That’s the badger

It’s been a rather good weekend. Today Amy and John came over and we spent most of the day wandering around the town. We went to a bookshop where there turned out to be a signing by a local author called Tamera Lawrence who had just written her first book. I talked to her for a bit and she told me that the important thing is to write every day: I think this is good advice and since I won’t be able to spend spare time on the Welsh course after all it seems a good thing to put some hours into. Anyway, Rio found herself some books, and then we went to a comic shop where she bought herself an Emily the Strange comic. Later we went home and played Mao: Rio is a formidable opponent and won three against my one. I really am very proud of her. Then we went to the diner and had dinner together and played Apples to Apples.

I’ve also built the first version of a unit test suite for Metacity. There’s only the one test at the moment (for reparenting) but it’s scriptable so it’ll be less difficult to add more tests as we go along. Next I want to test all the keypresses and as many GConf keys as possible. (Whoever had the idea about including a private DBus daemon was absolutely correct. Thank you.)

I am very excited that we might get a project-wide DVCS, even if it’s not the one I voted for.

I may have posted about this already

I am writing unit tests for Metacity. One of the things I want to be able to test is the response to various GConf settings. I am not seeing any easy way of running a per-process GConf server. Is there an easy way of doing this?

One alternative might be to add an optional bit of code to read .ini files and ignore GConf when one was specified. The prefs code in Metacity is modular enough that this wouldn’t be difficult.

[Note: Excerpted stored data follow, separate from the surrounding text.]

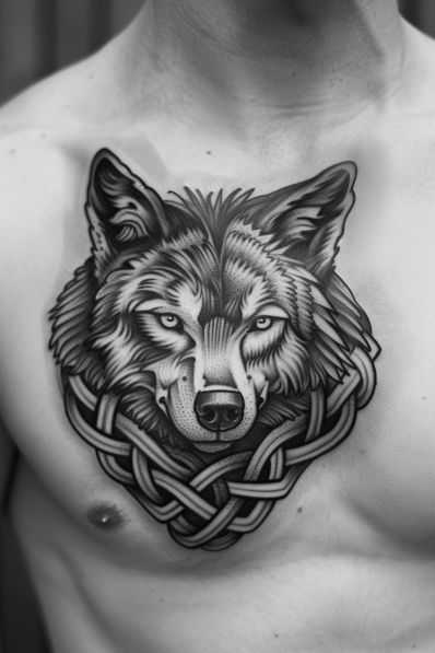 This striking tattoo showcases the fierce and majestic head of a wolf, combined with an intricate Celtic knot that wraps around its lower face and neck. The engraving-style linework adds dimension and texture to the wolf s fur, capturing its intense gaze and sharp features. The Celtic knot adds an additional layer of symbolism, representing unity, eternity, and interconnectedness. The shading work gives the design depth, making the wolf appear almost lifelike.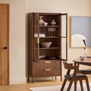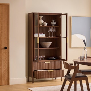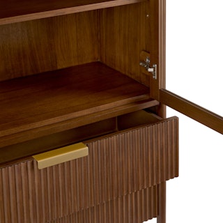 With brass handles, fluted drawers, and large statement glass doors, the Liv adds a touch of elegance to your dining room. Open and closed storage ensures ample space for whatever you need to stash away - linens, fine china, glassware, you name it. Whether you’re making a statement or just trying to organize that dining room chaos, Liv will be a calming presence at your next dinner party.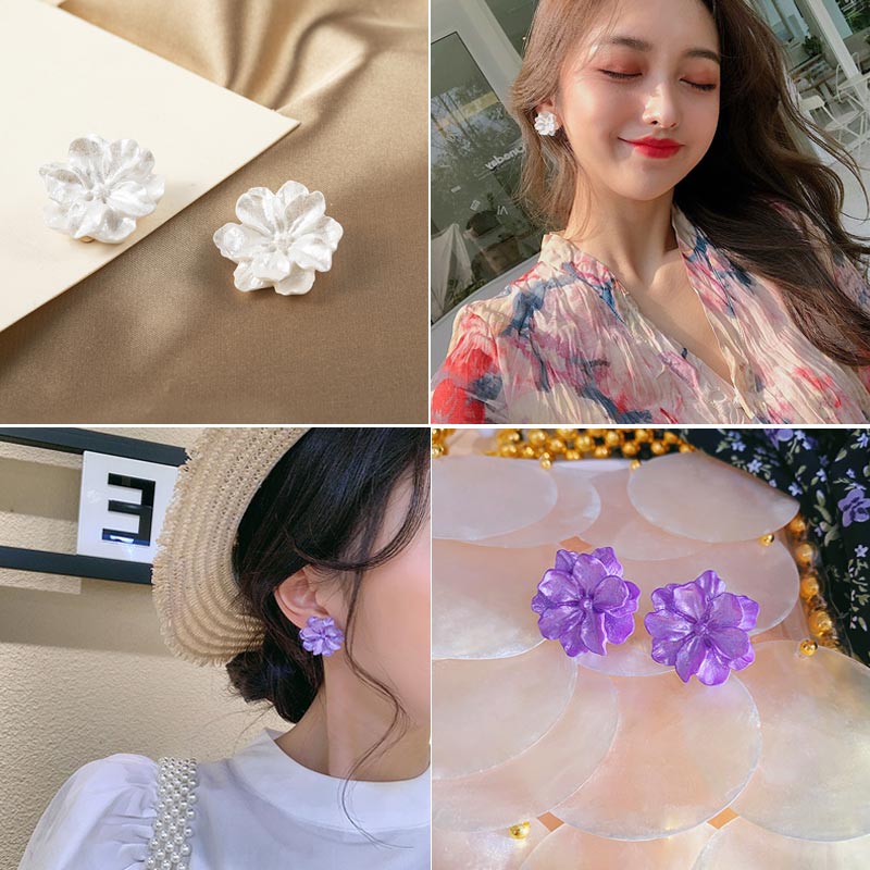 Khuyên tai nữ mạ bạc 925 hình bông hoa phong cách Hàn Quốc free ship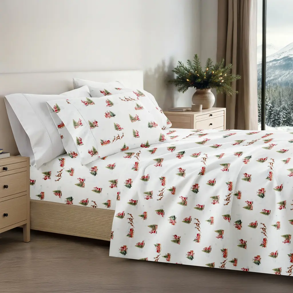 Add a festive layer of comfort to your holiday bedding with our Holiday Microfiber Sheet Set. Woven from ultra-soft, double-brushed microfiber, this set offers a smooth, breathable feel that keeps you cozy all season long.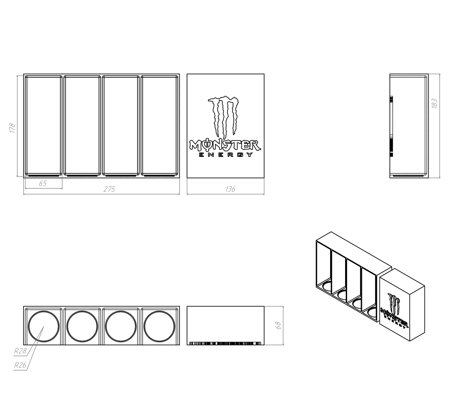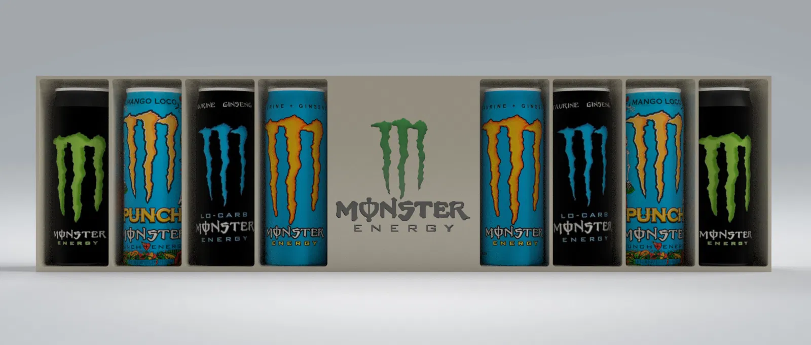 Monster Drinks Stand là kệ để lon Monster với 2 kích thước: 275*178mm và 136*178mm. Phù hợp để trưng bày hoặc sắp xếp lon nước tăng lực gọn gàng trên bàn hay kệ.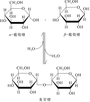一分子葡萄糖跟一分子果糖失去一分子水而缩合在一起就成为蔗糖。蔗糖是由两个单糖缩合生成的,因此叫做二糖。麦芽糖、乳糖也是二糖,它们是同分异构体。两分子葡萄糖缩合就成为麦芽糖,如图4-8所示。麦芽糖可以由淀粉在α-淀粉酶催化下水解得到。一分子葡萄糖跟一分子半乳糖缩合就成为乳糖。蔗糖和乳糖的结构或如图4-9所示。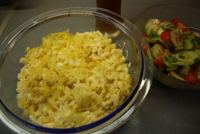 Teig ist, um so größer werden die "Spatzen". In der Zwischenzeit den Emmentaler und den Gouda reiben und gleichmäßig vermischen. Die Zwiebeln halbieren, in dünne Scheiben schneiden und in einer Pfanne in der Margarine anbräunen. Den Teig portionsweise durch ein Spätzlesieb oder einen Spätzlehobel in einen Topf mit leicht kochendem Salzwasser streichen und kurz blanchieren. Die Spatzen sind gut, wenn sie an die Wasseroberfläche steigen. Mit einem Schaumlöffel aus dem Wasser nehmen und in einem Durchschlag (Sieb) abtropfen lassen. In eine eingefetteten Auflaufform abwechselnd jeweils eine sehr dünne Schicht Spatzen, eine Handvoll Käseraspel und ein paar kleine Stücke Weichkäse geben. Abschließend die angebräunten Zwiebelringe darüber verteilen und die Auflaufform für 20 Min. in den vorgeheizten Backofen bei 200 °C, Ober- und Unterhitze, stellen. Dazu passt ein gemischter Salat. |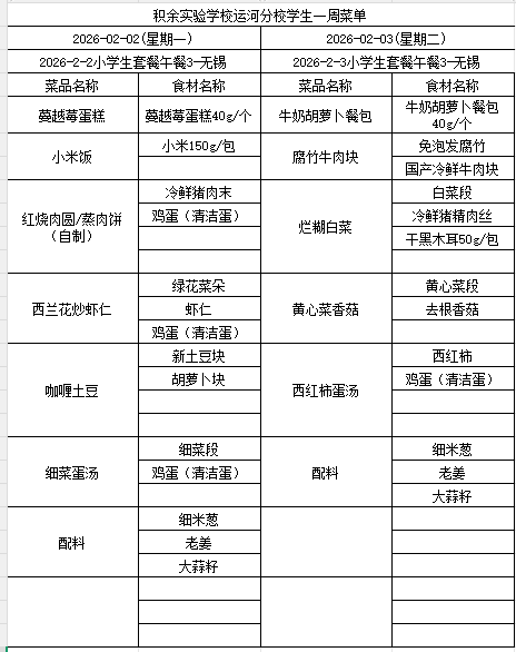 25年秋季第二十三周菜单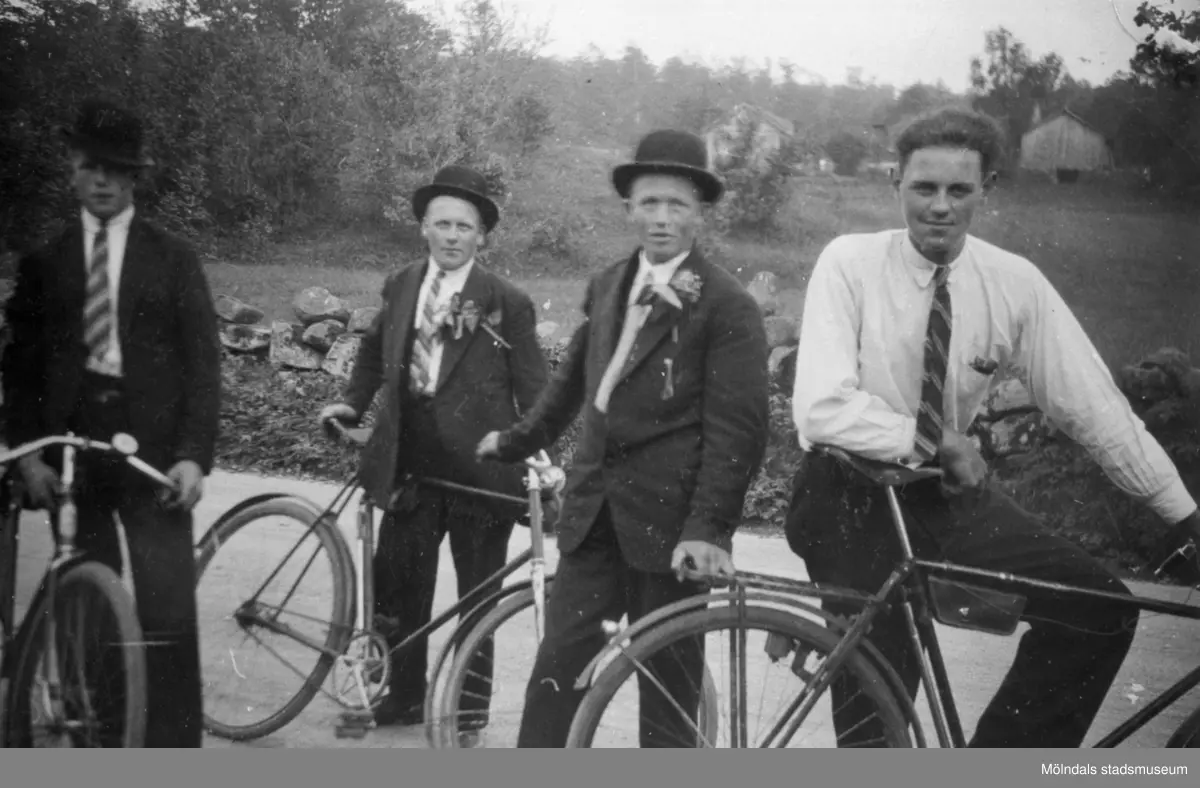 Bröderna Gustaf, Erik och Arvid Svensson med kompisen John Sundberg på cykeltur till dansbanan, 1930.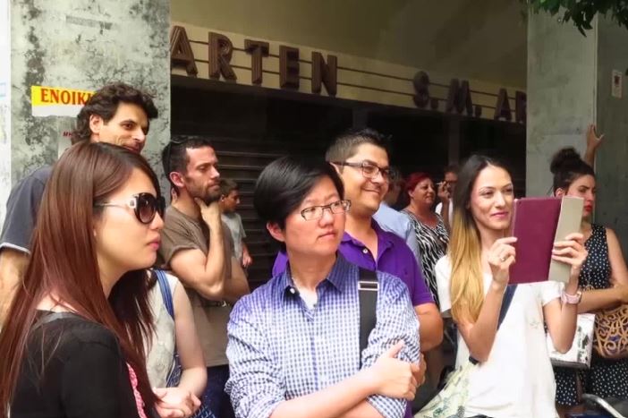 Έλληνες και ξένοι δημοσιογράφοι έξω από το Υπουργείο Οικονομικών την Κυριακή 28 Ιουνίου 2015 για την συνεδρίαση του Συμβουλίου Συστημικής Ευστάθειας προκειμένου να αξιολογήσει την κατάσταση όπως έχει διαμορφωθεί στο τραπεζικό σύστημα τις τελευταίες ώρες και να λάβει μέτρα αν χρειαστεί.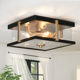Modern 3-Light Black Gold Square Glass Flush Mount Ceiling Foyer Light - 12" L x 12" W x 5.5" H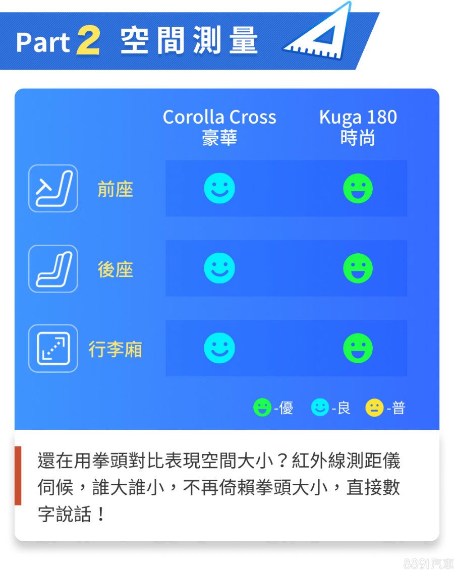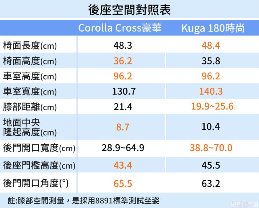 至於進出車室的便利性,Corolla Cross的高度與開口角度都稍微好一點,而Kuga則有明顯較大的車門開口,綜合空間的整體表現是Kuga更優秀。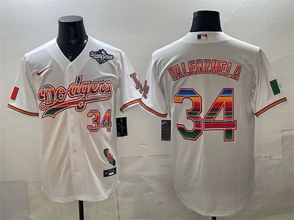 Home>MLB>Los Angeles Dodgers>Men>Men Los Angeles Dodgers 34 Fernando Valenzuela White Mexico California Patch 2025 World Series Patch Stitched Baseball Jersey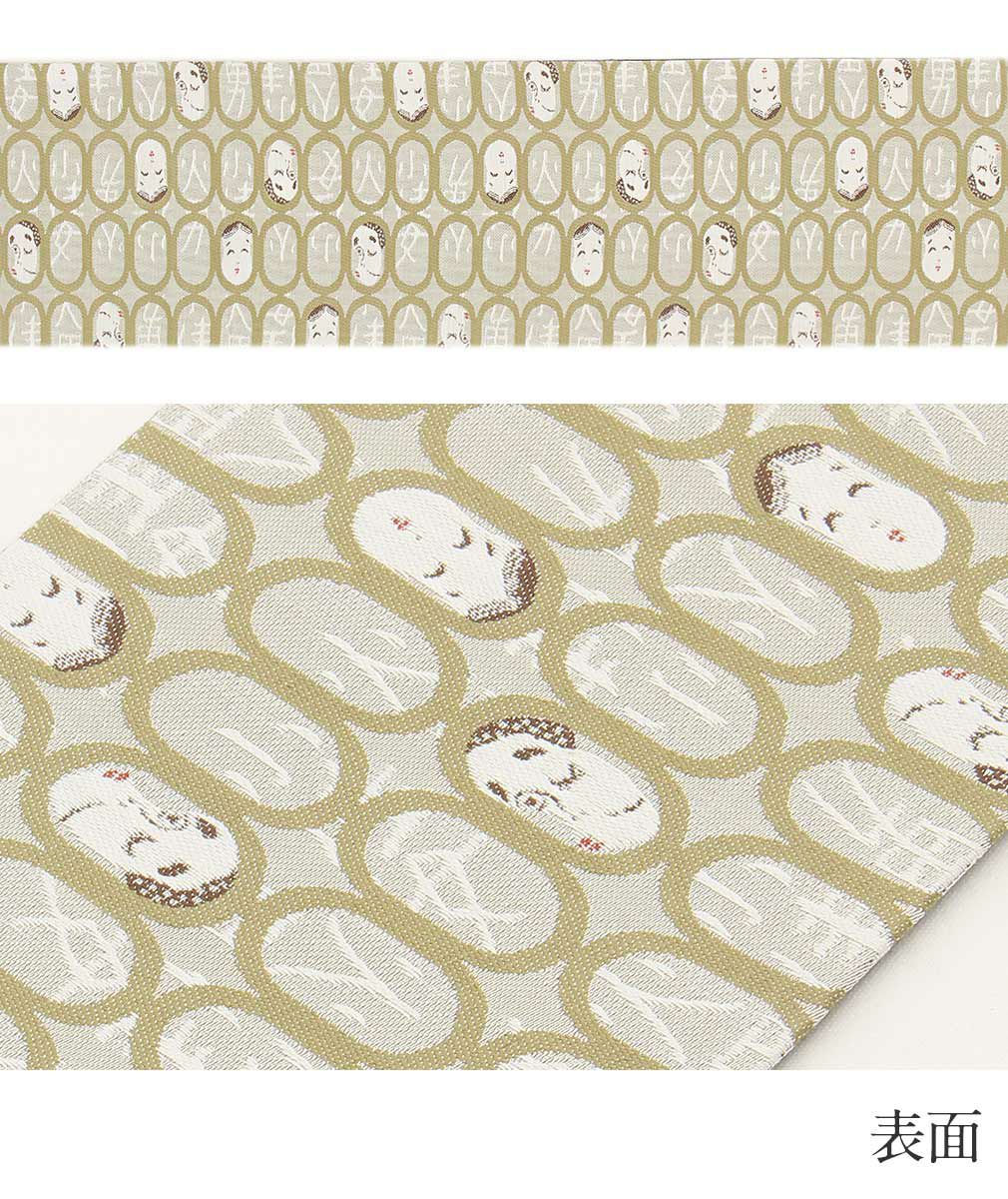 京都西陣の老舗である田中伝機業店謹製のカジュアル半幅帯をご用意致しました。 こちらの半幅帯は表地が西陣織、裏地がしじら織の高級感と実用性を兼ね備えた逸品です。 西陣織にて仕立てられた帯は、絹の艶やかな光沢が魅力的。 裏地は阿波しじら織の特徴であるシボがあることで肌触りがよく、汗をかいても肌に張りつかない 爽やかな締め心地です。 お洒落な柄が着姿を華やかに彩るリバーシブル小袋帯は、 裏側をちらりと見せてワンポイントにしてみたり、リボン結びで裏と表両方見せてみたり、 色々な結び方で着物姿を粋に演出することができます。 表地は、うぐいす色の生地におかめとひょっとこのお面柄が描かれており、ユーモラスで大人かっこいい印象です。 裏地は、黒地に縞柄がお洒落な小袋帯。 見る人を楽しませる魅力的な帯は、粋な着姿を演出します。 小紋や紬などのカジュアルな装いをはじめ、浴衣や街着など気軽に締めていただきたい逸品です。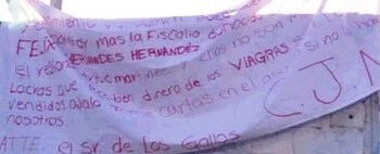 El CJNG advierte que Félix Hernández Hernández que trabaja en la fiscalía regional de Uruapan, junto con los comandantes Arturo Martínez Vargas y José Elías Moreno Oviedo, son acusados de presuntamente aceptar sobornos de "Los Viagras". Le piden al fiscal que "tome carta en el asunto", de lo contrario ellos lo harán.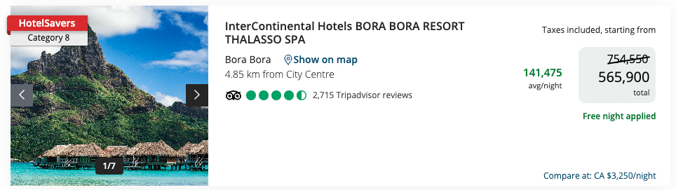 For example, the InterContinental Bora Bora Resort & Thalasso Spa is a Category 8 HotelSavers property.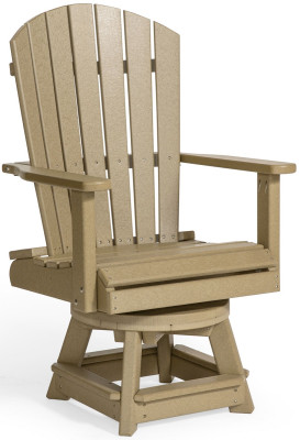 Constructed using high-quality poly lumber, this Maya Bay Fanback Swivel Chair offers exceptional resistance to the elements, ensuring it will maintain its beauty and strength through years of outdoor use. Poly lumber is a sustainable material made from recycled plastics, making it an environmentally friendly choice without compromising on durability.Whether you're engaging in lively conversations or simply enjoying a meal, the smooth swivel motion allows you to easily interact with your guests and surroundings without having to leave your seat. Experience the perfect blend of durability, style, and comfort with our Maya Bay Fanback Swivel Chair.

It might even be more generally useful: Metacity is buildable without GConf for use in embedded systems, but it uses all defaults and isn’t configurable.

Not the best day

Yesterday was a good day; I got a lot done, Alex took us out to eat, and things were good. I think perhaps I slept badly last night because today I’ve been feeling rather out of it all day. I did remember to pay the mortgage at lunchtime, and I got a chance to cook in the evening (I made spag bol). I was talking to Lampeter University about doing (part time distance learning) Welsh courses with them, and it all seemed possible but it turns out that of course they charge quite a bit more if you live overseas. And it’s raining like a rather enthusiastic power shower out there, only a lot colder (I just went out in it to buy milk). Blah.

In which Fin gets a tattoo

2005_Mural_off_South_Street_08Yesterday we went down to Philly and Fin got herself a tattoo at No Ka Oi. On the way some guy appeared and started asking me (in rhyme) whether I would buy his hiphop album. (Fin, to me: “But you don’t even listen to hiphop.” Me: “I do sometimes. Specially if it’s in Welsh.”) I had lost the captive bead of my nose ring while I’d been away: I’d tried to put it back and dropped it, and heard it bouncing away for ever along the floor. I went over to Infinite and asked them to put another one in, which they did, but there was such a queue that I missed most of the tattooing, which I was rather sad about. I was reading Ender’s Game while I waited and didn’t realise how much time had passed. When I came back they were pretty much done. We didn’t get to go to the Shoe, nor did we get to go and eat somewhere, because it was getting late and the snow was coming on quite thickly. So we went home, and Fin unveiled her tattoo. I think it’s lovely, and I wish I could get some of my own (the psoriasis makes it impossible).

And a link for you: The weather forecast, chanted.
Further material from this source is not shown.